Great question. While we are working on adjusting the pipeline, we just want to keep going on the data we have for a student on a deadline. Eventually we will go back and rerun it once that step is fixed, but we don’t want to lose the progress for them for a class. Definitely an odd scenario.

I actually have steps before this that manually split one large manifest into 19 separate pieces to run, and then sends it to the next step to run in parallel. In other words, I do not manually feed in 18 different samples, I have the pipeline split up my samples for me. I am putting that portion here. In this way, I would not be able to remove those samples without removing from the work directory, which I assume which mess up the resume flag? (s5a takes in one file, splits it to many, runs through the next steps, and s5d puts them back together. s5c is failing for the 19th group. We want to take 1-18 and move forward and drop the samples in the 19th group.)

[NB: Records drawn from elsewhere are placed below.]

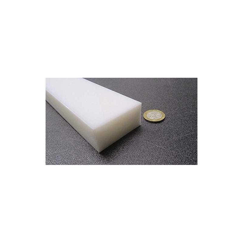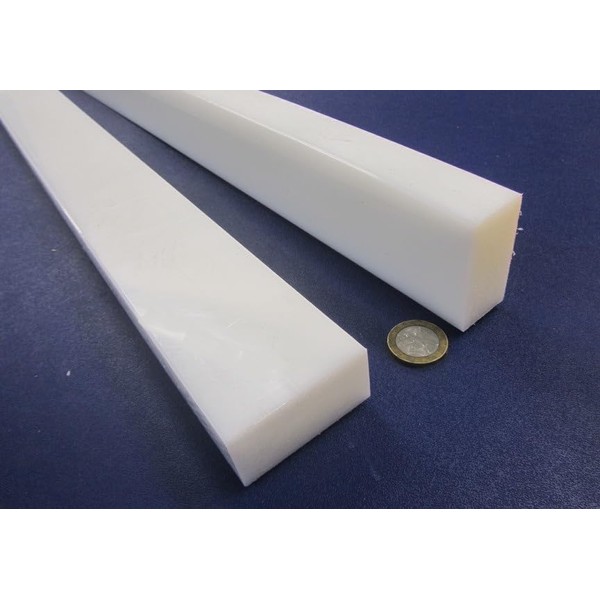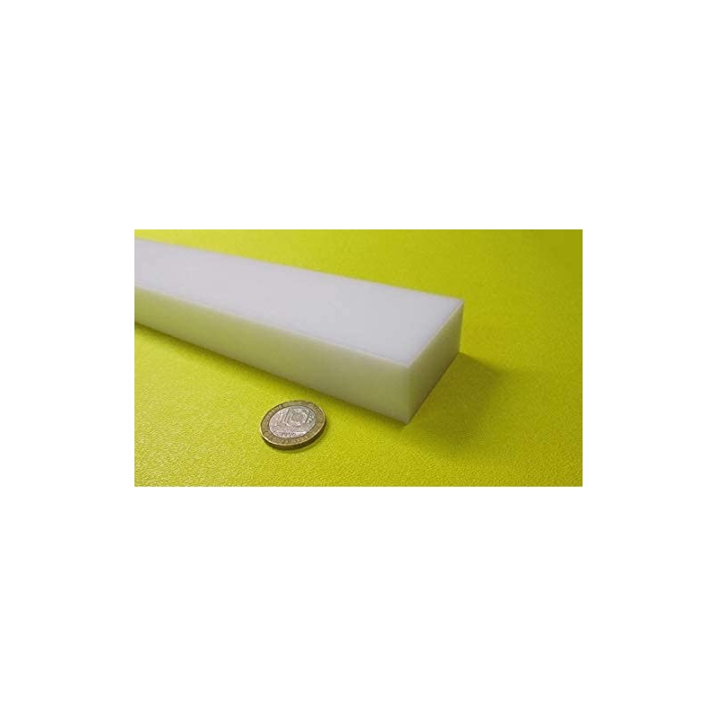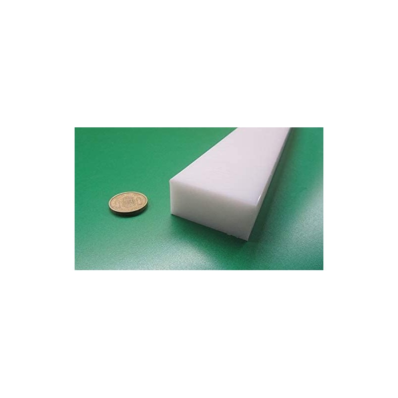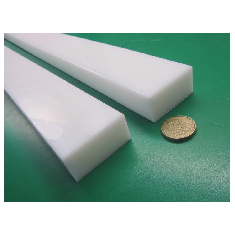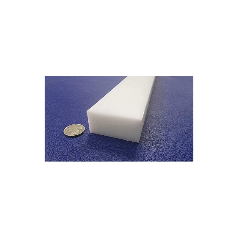 White HDPE (High Density Polyethylene) Rectangular Bar 1.00" (1") x 2.00" (2") x 48" Chemical- and corrosion- resistant No moisture absorption High tensile strength Non-toxic Non-staining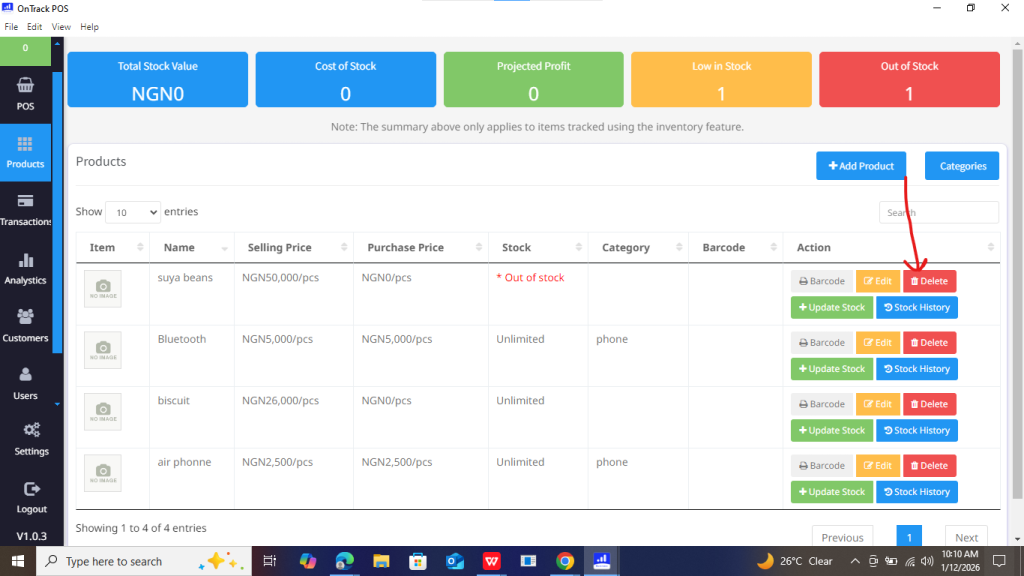 How to delete a sale in OnTrack Desktop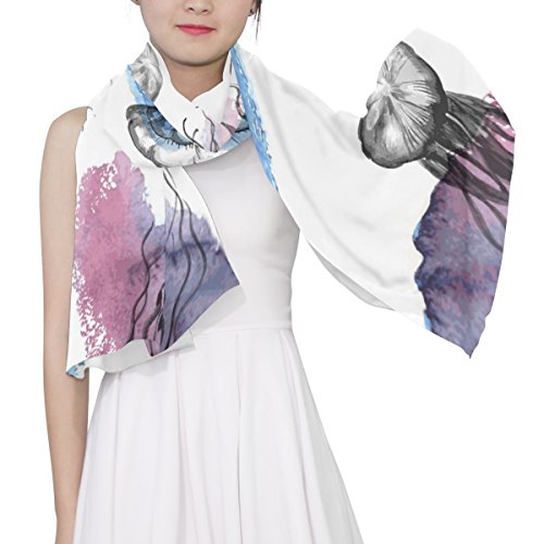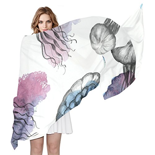 (ALAZA)/Accessories/Cold Weather Accessories/DIRECT FROM USA/Cooper girl Colorful Jellyfish Silk Scarf Shawl Wrap for Women Girls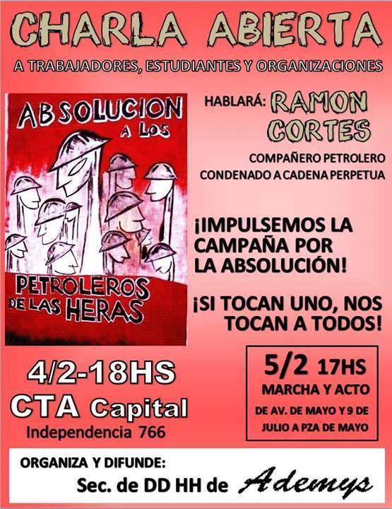 En Independencia 766, este martes 4 de febrero a las 18 horas se llevará a cabo una actividad en el marco de la campaña que exige la absolución de los trabajadores presos de Las Heras condenados a cadena perpetua sin ninguna prueba y violando sus derechos básicos. La actividad está organizada por la Secretaría de DDHH de Ademys y formará parte de la misma Ramón Cortes, uno de los compañeros condenados.

s5a_out = s5a_QIIME2_split2denoise(s3_out, base_name_ch, trunc_forward_ch, trunc_reverse_ch, s4_out.done)

s5b1_out = s5b1_QIIME2_splitManifest(s5a_out, metadata_ch, input_format_ch, base_name_ch)

s5b_out = s5b2_QIIME2_importGroups(s5b1_out, s5a_out, input_type_ch, input_format_ch)

s5c_in = s5b_out
            .flatten()
            .combine(trunc_forward_ch)
            .combine(trunc_reverse_ch)
            .combine(base_name_ch)


s5c_out = s5c_QIIME2_denoiseGroups(s5c_in)
        
s5_out = s5d_QIIME2_mergeDenoised(s5c_out.rep_seqs, s5c_out.table, base_name_ch)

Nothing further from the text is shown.